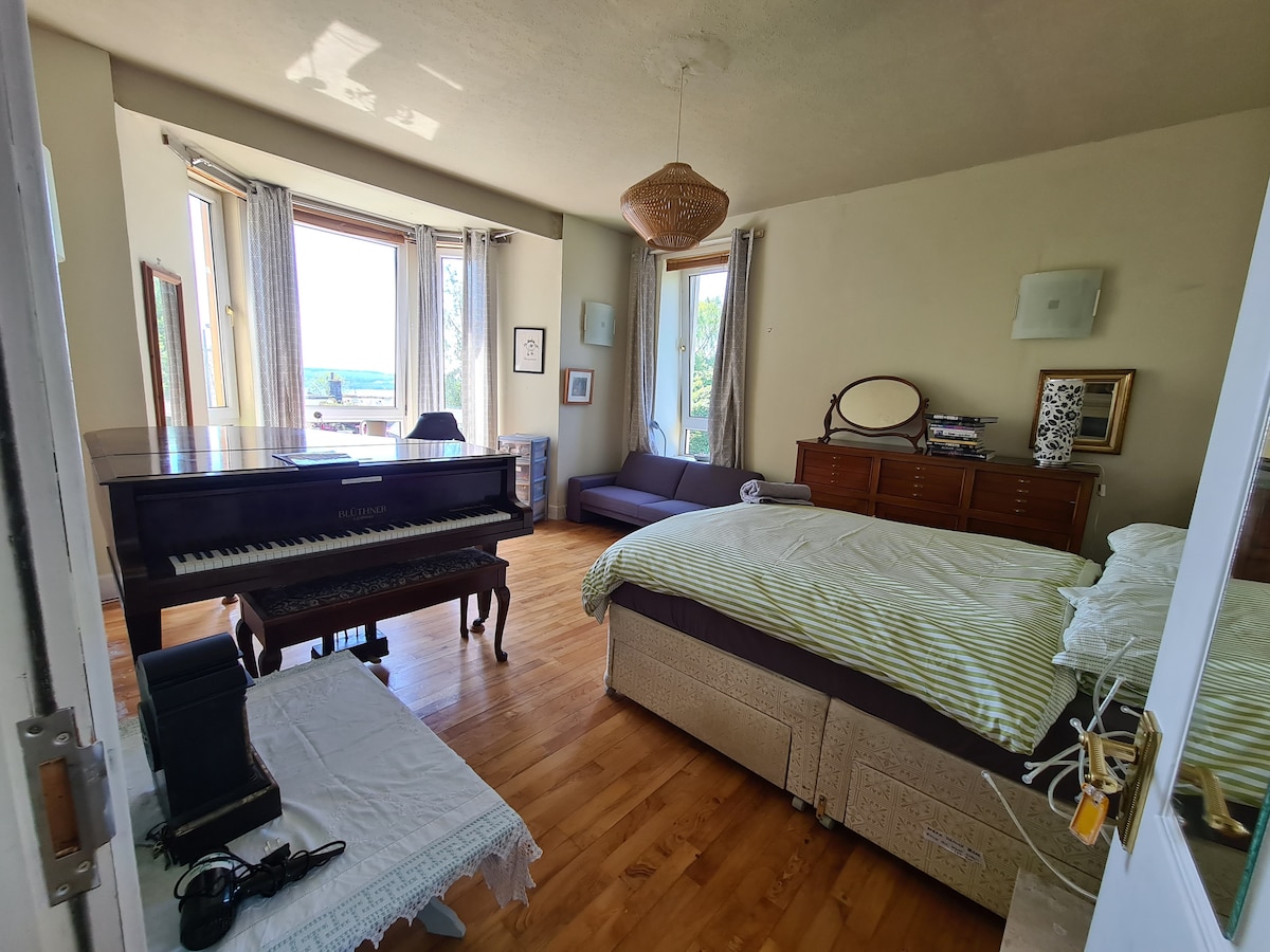 A large room for pianists overlooking the front garden with a double bed and 2 single sofa beds and a 1924 Bluthner piano. There are 4 large windows facing south east. It's spacious and sunny. Theres also the possibility of a camp bed for a fifth guest
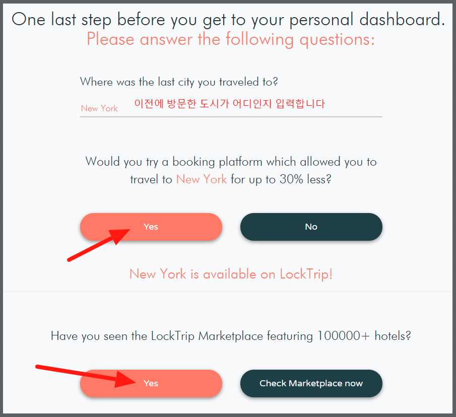 이전에 방문했던 도시와 할인 프로그램이 있다면 사용할 것인가, 우리는 수많은 호텔과 제휴 중이다 알고 있었는가를 물어봅니다
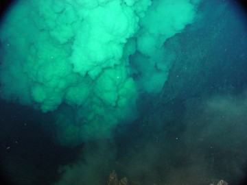 “View of a de-gassing event at Brimstone Pit at NW Rota-1 volcano releasing an extraordinary number of bubbles probably carbon dioxide. The yellow parts of the plume in the background contain tiny droplets of molten sulfur. Credit: NOAA”
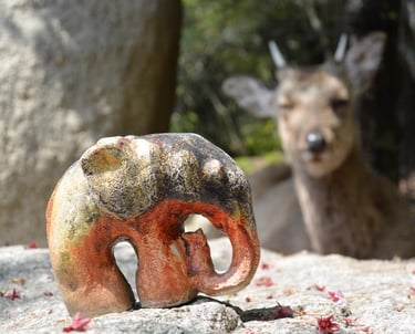 Elephant Park sculptures are handcrafted in Latvia, shaped from clay and brought to life through traditional firing techniques. Each piece is carefully fired in Raku and Noborigama kilns, giving every elephant its own unique surface, character, and story.
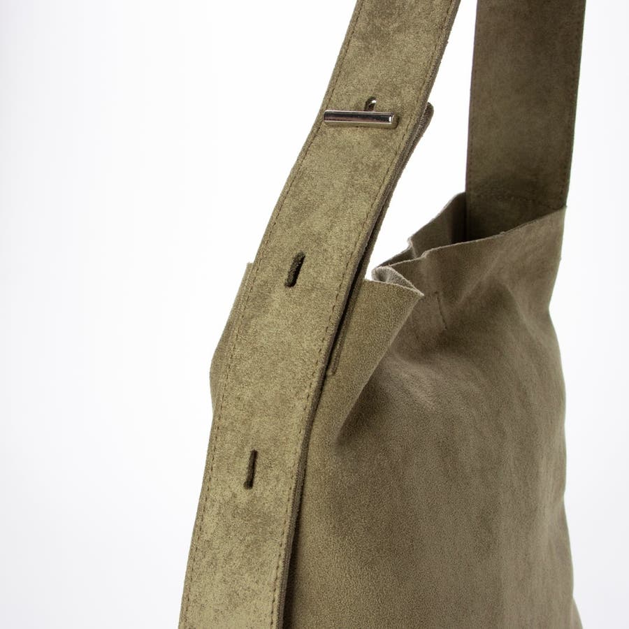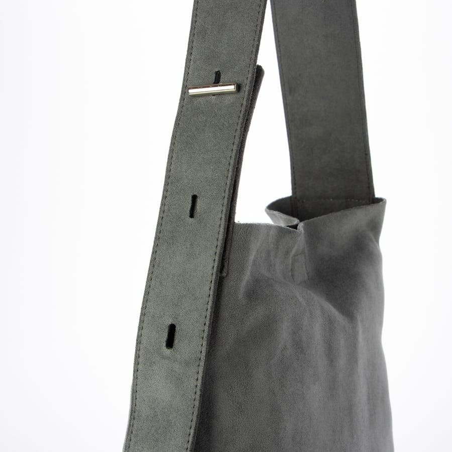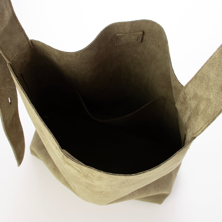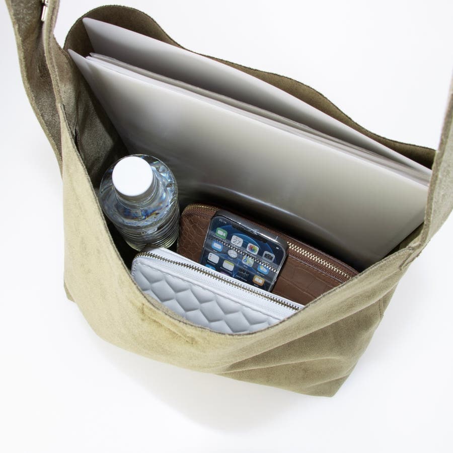 あえて裏地を付けない1枚仕立てが本革風で大人のカジュアルスタイルにおすすめしたいホーボーバッグです。
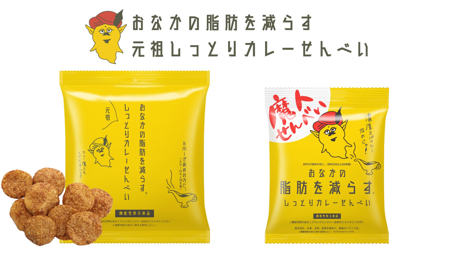 【商品概要 】 おなかの脂肪(内臓脂肪、皮下脂肪)を減らすブラックジンジャー配合の日本初*の機能性表示食品のカレーせんべい。 製法特許取得済(特許第7112789号)
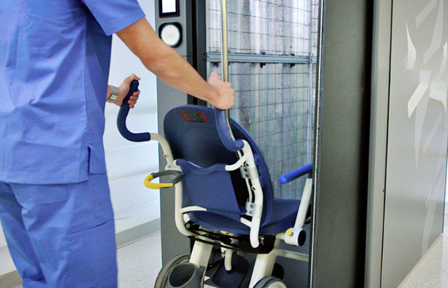 使用(yòng)前,醫(yī)療工(gōng)作(zuò)者首先将諸如(rú)輪椅之類的(de)物(wù)品帶到(dào)UVE進行(xíng)消毒。他(tā)們先将與他(tā)們的(de)身(₩shēn)份相(xiàng)關聯的(de)HF RFID徽章(zhāng),輕靠閱讀(dú)器(qì)附近(jìn)。如(rú)果他(tā)們被授權使用(yòng)該 設備,設備将開(kāi)鎖并允許放(fàng)輪椅進去(qù)。
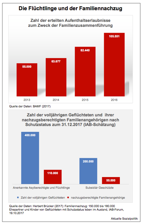 »Bis Ende 2017 werden voraussichtlich rund 600.000 volljährige Geflüchtete mit Schutzstatus in Deutschland leben. Rund 400.000 von ihnen werden als anerkannte Asylbewerber und Flüchtlinge nach der Genfer Flüchtlingskonvention das Recht auf den Nachzug ihrer Ehepartner und minderjährigen Kinder haben. Weitere 200.000 haben überwiegend einen subsidiären Schutzstatus. Für sie wurde der Familiennachzug ausgesetzt, wenn sie seit April 2016 zugezogen sind. Auf die anerkannten Asylbewerber und Geflüchteten werden bis Ende 2017 voraussichtlich 100.000 bis 120.000 Ehepartner und minderjährige Kinder im Ausland entfallen, die einen Anspruch auf Familiennachzug haben. Würden zusätzlich Personen mit subsidiären Schutzstatus berücksichtigt, stiege die Zahl der nachzugsberechtigen Ehepartner und Kinder um 50.000 bis 60.000. Die vergleichsweise geringen Zahlen für den Familiennachzug erklären sich daraus, dass viele Geflüchtete ledig sind und sich deren Kinder und Ehepartner bereits mehrheitlich in Deutschland befinden.«

==================================================

= Exercise =
From the first line to the last, repeat the records exactly and skip the pictures.

= Answer below =
 A large room for pianists overlooking the front garden with a double bed and 2 single sofa beds and a 1924 Bluthner piano. There are 4 large windows facing south east. It's spacious and sunny. Theres also the possibility of a camp bed for a fifth guest
 이전에 방문했던 도시와 할인 프로그램이 있다면 사용할 것인가, 우리는 수많은 호텔과 제휴 중이다 알고 있었는가를 물어봅니다
 “View of a de-gassing event at Brimstone Pit at NW Rota-1 volcano releasing an extraordinary number of bubbles probably carbon dioxide. The yellow parts of the plume in the background contain tiny droplets of molten sulfur. Credit: NOAA”
 Elephant Park sculptures are handcrafted in Latvia, shaped from clay and brought to life through traditional firing techniques. Each piece is carefully fired in Raku and Noborigama kilns, giving every elephant its own unique surface, character, and story.
 あえて裏地を付けない1枚仕立てが本革風で大人のカジュアルスタイルにおすすめしたいホーボーバッグです。
 【商品概要 】 おなかの脂肪(内臓脂肪、皮下脂肪)を減らすブラックジンジャー配合の日本初*の機能性表示食品のカレーせんべい。 製法特許取得済(特許第7112789号)
 使用(yòng)前,醫(yī)療工(gōng)作(zuò)者首先将諸如(rú)輪椅之類的(de)物(wù)品帶到(dào)UVE進行(xíng)消毒。他(tā)們先将與他(tā)們的(de)身(₩shēn)份相(xiàng)關聯的(de)HF RFID徽章(zhāng),輕靠閱讀(dú)器(qì)附近(jìn)。如(rú)果他(tā)們被授權使用(yòng)該 設備,設備将開(kāi)鎖并允許放(fàng)輪椅進去(qù)。
 »Bis Ende 2017 werden voraussichtlich rund 600.000 volljährige Geflüchtete mit Schutzstatus in Deutschland leben. Rund 400.000 von ihnen werden als anerkannte Asylbewerber und Flüchtlinge nach der Genfer Flüchtlingskonvention das Recht auf den Nachzug ihrer Ehepartner und minderjährigen Kinder haben. Weitere 200.000 haben überwiegend einen subsidiären Schutzstatus. Für sie wurde der Familiennachzug ausgesetzt, wenn sie seit April 2016 zugezogen sind. Auf die anerkannten Asylbewerber und Geflüchteten werden bis Ende 2017 voraussichtlich 100.000 bis 120.000 Ehepartner und minderjährige Kinder im Ausland entfallen, die einen Anspruch auf Familiennachzug haben. Würden zusätzlich Personen mit subsidiären Schutzstatus berücksichtigt, stiege die Zahl der nachzugsberechtigen Ehepartner und Kinder um 50.000 bis 60.000. Die vergleichsweise geringen Zahlen für den Familiennachzug erklären sich daraus, dass viele Geflüchtete ledig sind und sich deren Kinder und Ehepartner bereits mehrheitlich in Deutschland befinden.«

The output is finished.